ヤクザの家族になっちゃった!?
いつもの私ならここで謝ってる
でも、
今回はそうじゃない。
ふぅと、少し小さな深呼吸して、
空き教室へと踏み込む。
ガラッと開いた扉を
驚いた顔をしてみてきた二人。
私はそんなの気にせずに、
ズカズカと中田さんの前までいく。
中田さんは震える声で
「なに?」
そう言った
今の私は彼女を理解することはできない。
彼女の本当の辛さを共感することはできない。
けど、
「私ね、中田さんとお友だちになりたい」
やわらげられる存在になりたい
「…無理よ。そんなの。今すぐになんて無理」
「なら、今すぐなんかじゃなくていいから。
私はいつでも待ってるよ」
私はそう言い残して
空き教室を出た。
空き教室の前では、
龍之介さんが待っててくれた。
…そう言えば、
「龍之介さん、ここへなにしに?」
「……。」
あ、また無言。
って思ったけど…
よく見たら口が動いてる。
もう一度、とせがんだら、
「お前がここで座ってたから。
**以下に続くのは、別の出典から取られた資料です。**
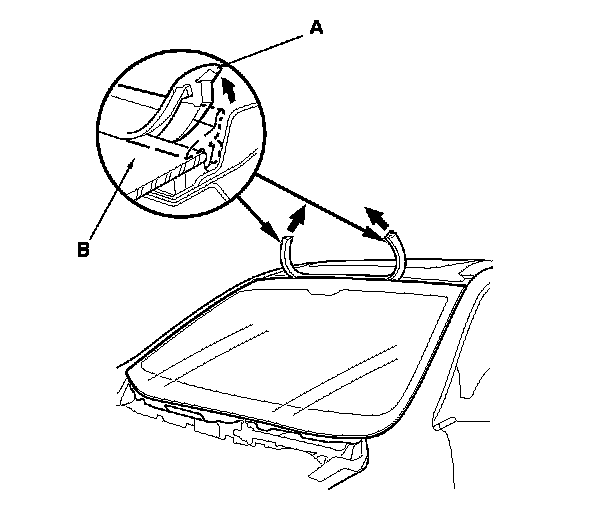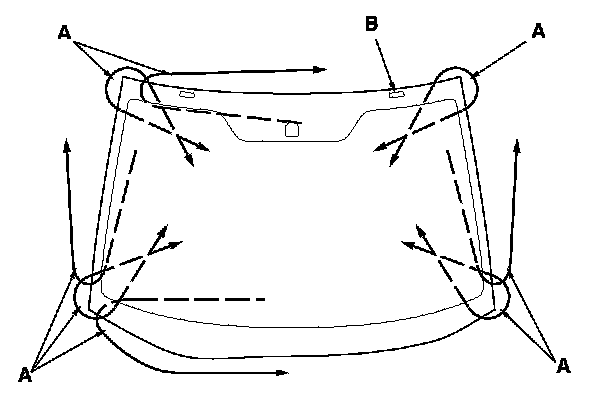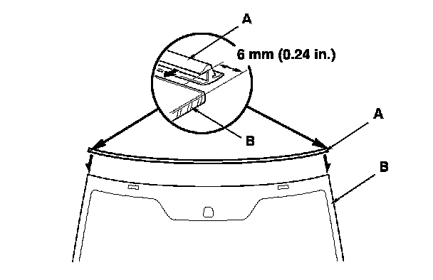 2. Remove the molding (A) from the upper edge of the windshield (B). If necessary, cut the molding with a utility knife.
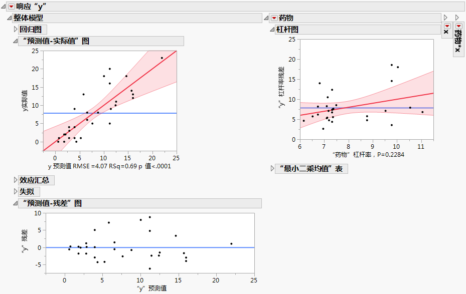 “拟合最小二乘法”报表显示在图 3.3中。请注意,由于空间有限,其中的有些报告已关闭。“预测值-实际值”图、“预测值-残差”图和杠杆图在模型拟合和基本假设方面未显示任何差异。

」
そう、答えてくれた、
龍之介さんの優しさが身に沁みた。
てっきり奈美恵さん会いに行くのに通ったのかと思ってた。
安心した、よかった…
何てことは言えないから言わないけど。
…そんなことより、聞かなくちゃ。
ちゃんと、本人に…
「龍之介さん…」
私が声をかけると、
優しく返してくれた
「なんだ?」
って。
「龍之介さん…奈美恵さんとどういう関係なんですか…?」
普通の関係じゃない…
そう感じたのは、
私の女の勘ってやつ。
でも、龍之介さんはものすごくきょとんととした顔で
「幼馴染みで、親に当たるが…?」
そう言った。
その顔をみて、
すごく安心した。
嘘ついてるようではなさそうだから
でも、あれ?
私の女の勘って…?
…私、女じゃないのかも…?
いや、そんなことはないけど、
うん、
まぁ、なにもないならそれでいいか。
私はそう心に言いつけて
龍之介さんと一緒にクラスへ戻った。